_About this exercise_
Transcribe every entry exactly; the images stay out.

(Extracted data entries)
"""
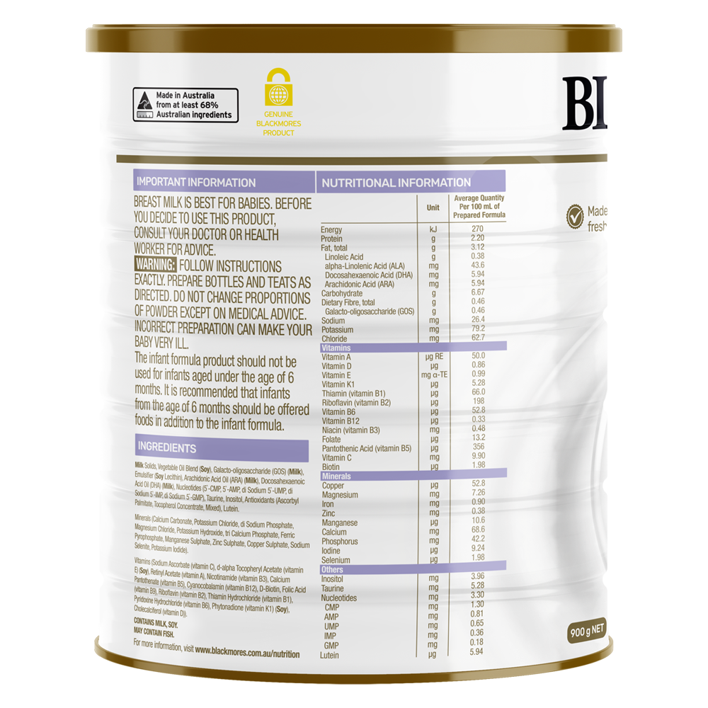 | Nhà sản xuất | Blackmores Ltd 20 đại lộ Jubilee Warriewood NSW 2102, Úc; được sản xuất và đóng gói bởi Saputo Dairy Australia, địa chỉ: số 7-9 đường Schubert, Cobram, VIC 3644, Úc (EST#6439) |
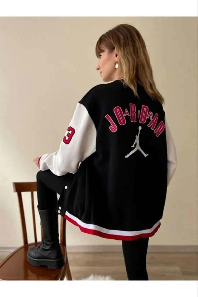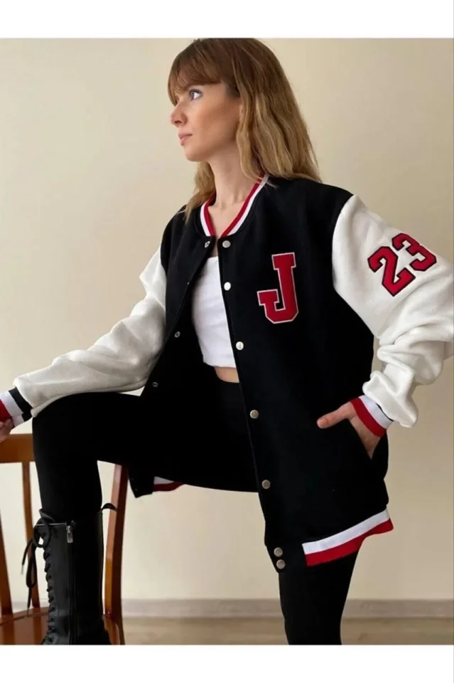 Ön Ve Kol Nakış İşlemeli Kolej Ceket - Siyah
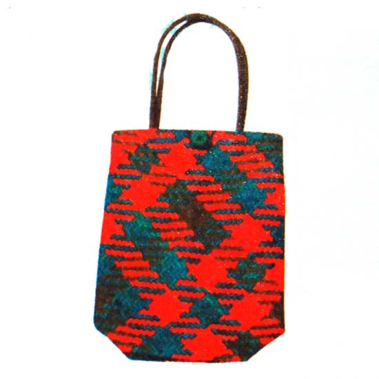 The bag features a vivid red and green construction. The checkered and striped patterns add a decorative touch. This bag makes an excellent fashion accessory item.
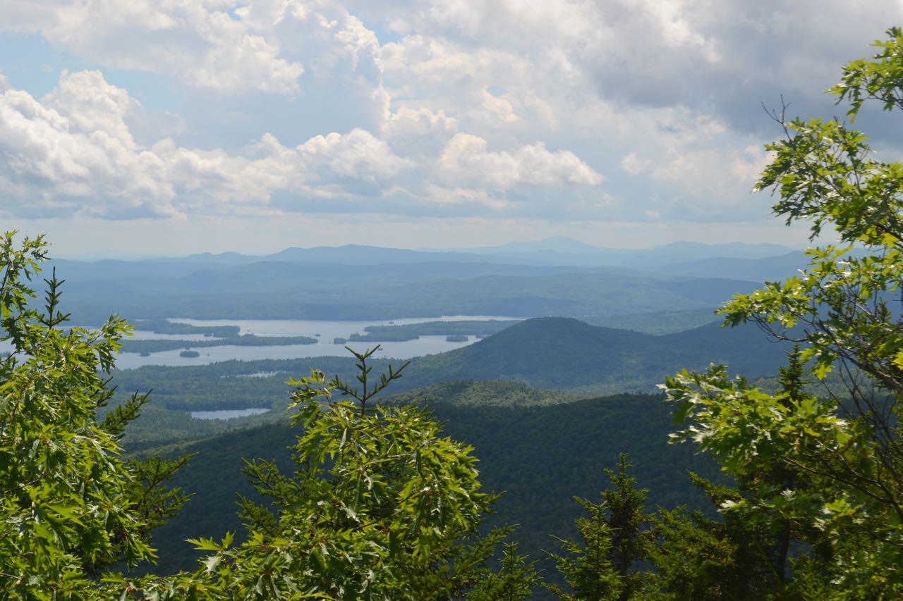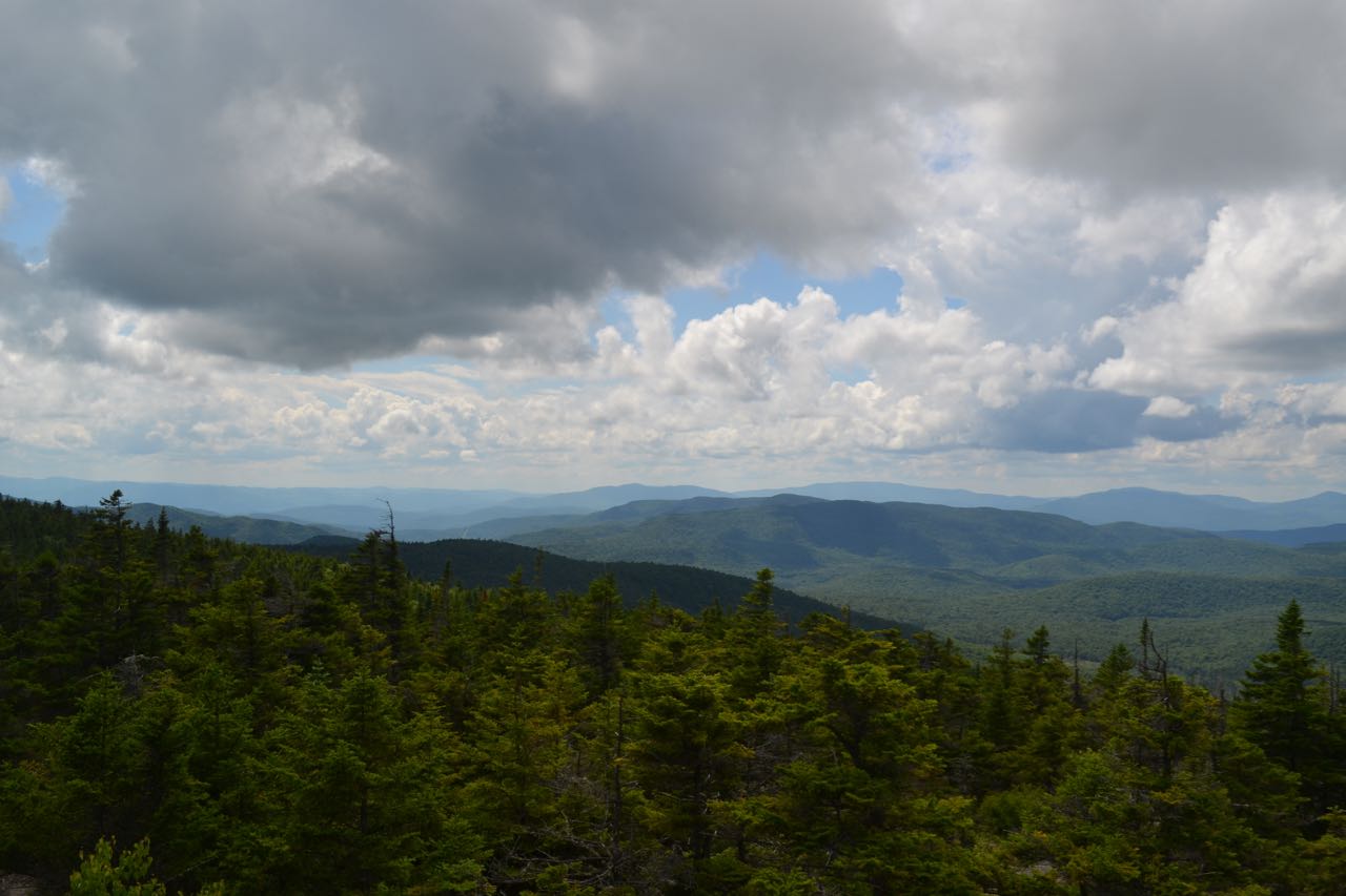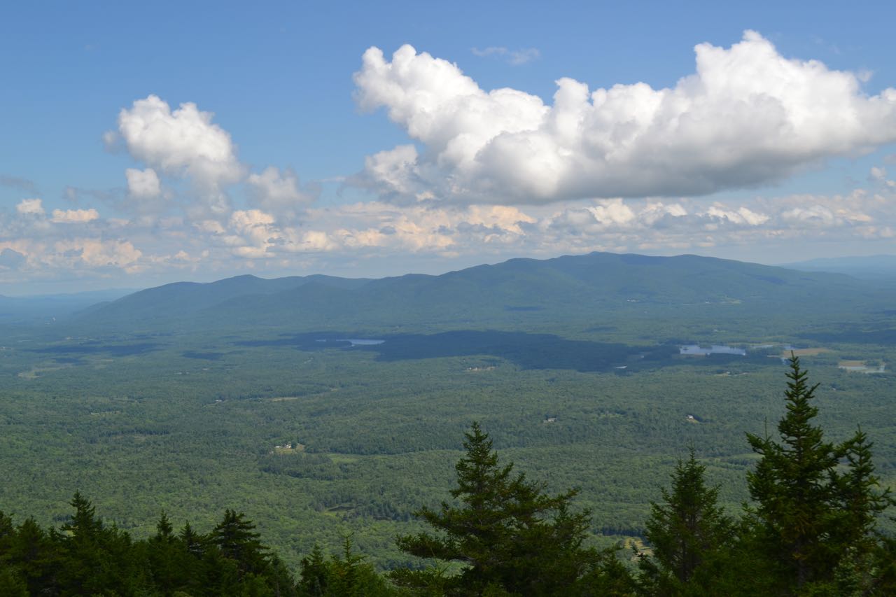 From the tiny dome of the summit, there are excellent views in two directions. To the left are Stinson Mountain, Mt. Carr, Mt. Kineo, and Mt. Cushman, seen over the Campton Range. To the left of Black Mountain, a spur of Sandwich Dome, is Mt. Moosilauke. Massive Sandwich Dome rises across a valley in front of you. To the right of Sandwich Dome are the two sharp peaks of North and South Tripyramid, with the gentler West and East Sleeper on the ridge to Mt. Whiteface. Below are the two Flat Mountains. Behind Mt. Whiteface is Mt. Passaconaway and two of its sub-peaks, Nanamocomuck Peak and Wonalancet Hedgehog, to the right. Further over are the ledgy mound of Mt. Paugus and the sharp pinnacle of Mt. Chocorua. For a better view to the flatlands to the east, step off the northeast side of the summit cone (about opposite where the trail comes up) and follow a herd path down through the forest for less than 0.1 miles to a wide, flat ledge area. A more obscure herd path leads a short distance from here to another ledge on the east side with a good view of the Ossipee Mountains.
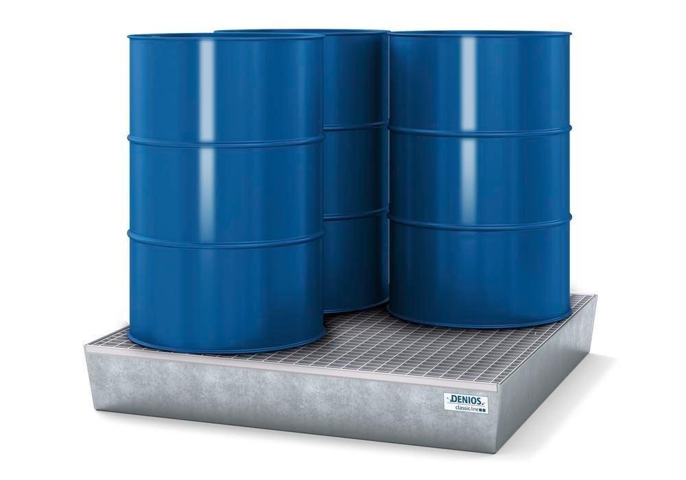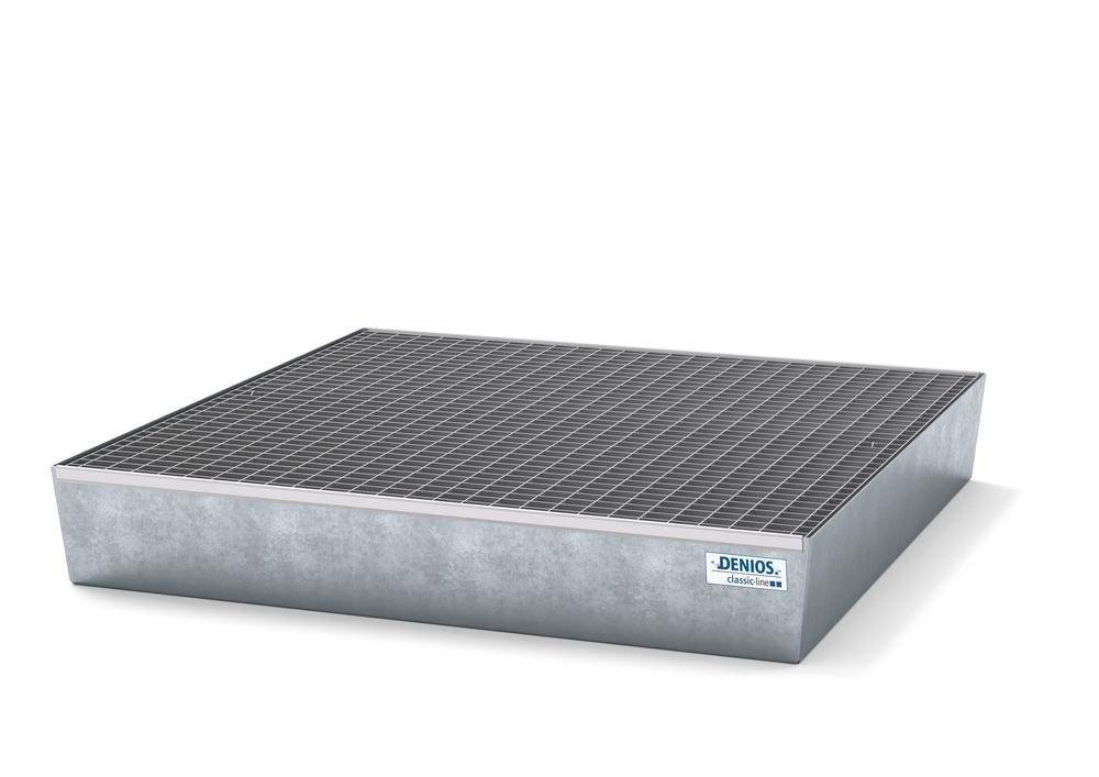 Záchytná vana classic-line ze svařované ocelové konstrukce. Schváleno pro skladování hořlavých kapalin (H224-226) a vodu ohrožujících látek všech tříd. Zinkováno pro optimální ochranu proti korozi. Bez nožiček, ke skladování přímo na rovné podlaze nebo na paletách. Vyjímatelný zinkovaný rošt.
"""
_Exercise solution_
 | Nhà sản xuất | Blackmores Ltd 20 đại lộ Jubilee Warriewood NSW 2102, Úc; được sản xuất và đóng gói bởi Saputo Dairy Australia, địa chỉ: số 7-9 đường Schubert, Cobram, VIC 3644, Úc (EST#6439) |
 Ön Ve Kol Nakış İşlemeli Kolej Ceket - Siyah
 The bag features a vivid red and green construction. The checkered and striped patterns add a decorative touch. This bag makes an excellent fashion accessory item.
 From the tiny dome of the summit, there are excellent views in two directions. To the left are Stinson Mountain, Mt. Carr, Mt. Kineo, and Mt. Cushman, seen over the Campton Range. To the left of Black Mountain, a spur of Sandwich Dome, is Mt. Moosilauke. Massive Sandwich Dome rises across a valley in front of you. To the right of Sandwich Dome are the two sharp peaks of North and South Tripyramid, with the gentler West and East Sleeper on the ridge to Mt. Whiteface. Below are the two Flat Mountains. Behind Mt. Whiteface is Mt. Passaconaway and two of its sub-peaks, Nanamocomuck Peak and Wonalancet Hedgehog, to the right. Further over are the ledgy mound of Mt. Paugus and the sharp pinnacle of Mt. Chocorua. For a better view to the flatlands to the east, step off the northeast side of the summit cone (about opposite where the trail comes up) and follow a herd path down through the forest for less than 0.1 miles to a wide, flat ledge area. A more obscure herd path leads a short distance from here to another ledge on the east side with a good view of the Ossipee Mountains.
 Záchytná vana classic-line ze svařované ocelové konstrukce. Schváleno pro skladování hořlavých kapalin (H224-226) a vodu ohrožujících látek všech tříd. Zinkováno pro optimální ochranu proti korozi. Bez nožiček, ke skladování přímo na rovné podlaze nebo na paletách. Vyjímatelný zinkovaný rošt.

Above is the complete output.